Gymnoconia is a genus of rust fungi in the family Phragmidiaceae. G. nitens causes an orange rust of Rubus species.

Gymnoconia interstitialis

Importance
Gymnoconia interstitialis, otherwise known as "orange rust of raspberries", is a well-known disease of raspberries and blackberries throughout the eastern United States and southern Canada. It can stretch as far south as Florida, or as far west as California, and is also quite common in Europe and Asia (the disease cycles of this rust that are found in northern Europe are considered "long", as opposed to some of the "short" cycles found in the southern United States). Short cycles tend to attack cultivated varieties or blackberries, which has led to an economic setback in their production in the United States. This is not an issue in the European varieties, as the short cycle disease is not found in the Old World. Additionally, black raspberries of New York commonly are affected by orange rust, but the region north of Connecticut has been successful in containing the disease to a confined area.

Wild and cultivated raspberries and blackberries are the most common host for Gymnoconia interstitialis. A resistant host has been discovered in Illinois – the Snyder.

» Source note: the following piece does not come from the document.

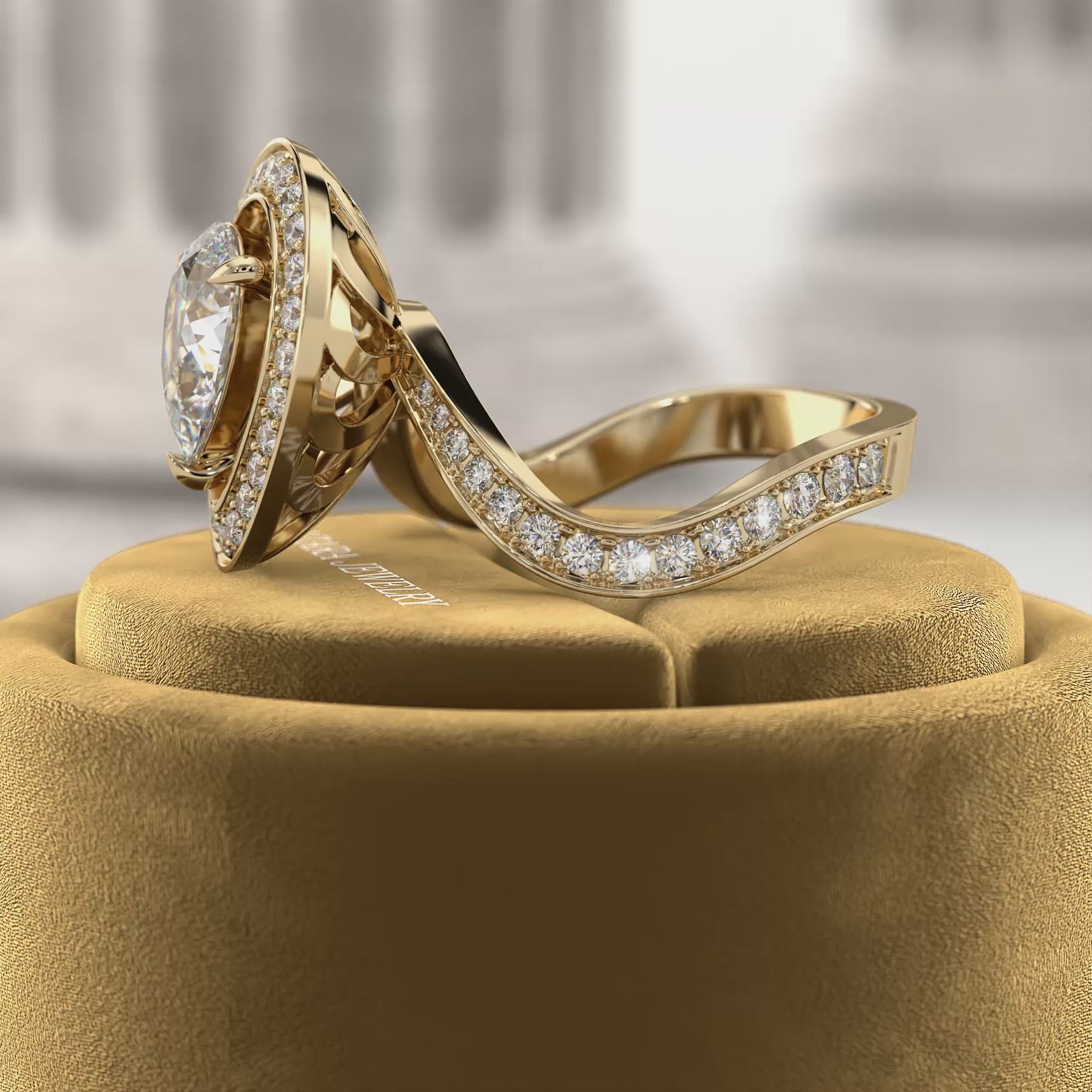 A bold reimagining of the classic teardrop silhouette, this pear-cut lab diamond is framed in a double halo of hand-set accents. The sculptural band curves with intention, merging avant-garde form and elegance.

The pathogen targets the viability of the leaves, attacking them until they die and fall off of the plant. The disease returns annually, and this recurrence essentially makes the plants worthless – rarely do affected plants recover. Some strains have such a strong impact on the plants that the cultivation becomes unprofitable.

Hosts and symptoms
Signs of the disease appear in the spring. Glandular bodies form on the top side of the leaves, even before they are entirely unfolded. Once fully mature, these bodies appear as black specks with chlorosis (yellowing) around them. To be clear, the glandular bodies seen here would be a sign rather than a symptom, as signs refer to the visible presence of the pathogen, whereas symptoms refer to the effects of the pathogen (the chlorosis previously mentioned would thus be considered a symptom.) Not all leaves or leaflets of the plant will have the specks. Several weeks after the initial appearance of the glandular bodies, a rust will begin to form on the underside of the leaf. The rust is composed of sori, which will eventually break open and release an orange-colored mass of spores – this is where the disease gets the name "orange rust". Typically, this release of spores is quite intense and ends up filling the entire underside of the leaf with the orange spores. The affected leaves dwarf and roll into themselves, rendering them useless.

Disease cycle
Gymnoconia interstitialis is a fungus – specifically a basidiomycete. The mycelium lives from year to year in the infected plant. The mycelium can be found in the roots of the plant between the cells of the cortex (near the cambium). The parenchyma inside of the leaves is the initial source of infection. When infection occurs in a young plant, hyphae may be found in any of the tissues. In the affected organs of the plant, the mycelium develops haustoria, which appear as side branching from the mycelium. The haustoria penetrate through cell walls to extract nutrients, while the fungus follows the growing-tip of the plant. As discussed in the  section, black bodies appear on the upper surface of the leaves during the spring. These black bodies are sterile and are referred to as spermagonia, or pycnia. The orange "cushions" that develop later on the under-side of the leaf are forming spores, which have the capability to germinate all at once. From each spore a short promycelium bearing four sporidia is protruded. During the growing season, these sporidia cause infections on other plants in the raspberry and blackberry families. The sporidia give rise to mycelium, and once winter comes, the fungus is dormant. The disease overwinters as mycelium in the canes, crown and roots of the plants.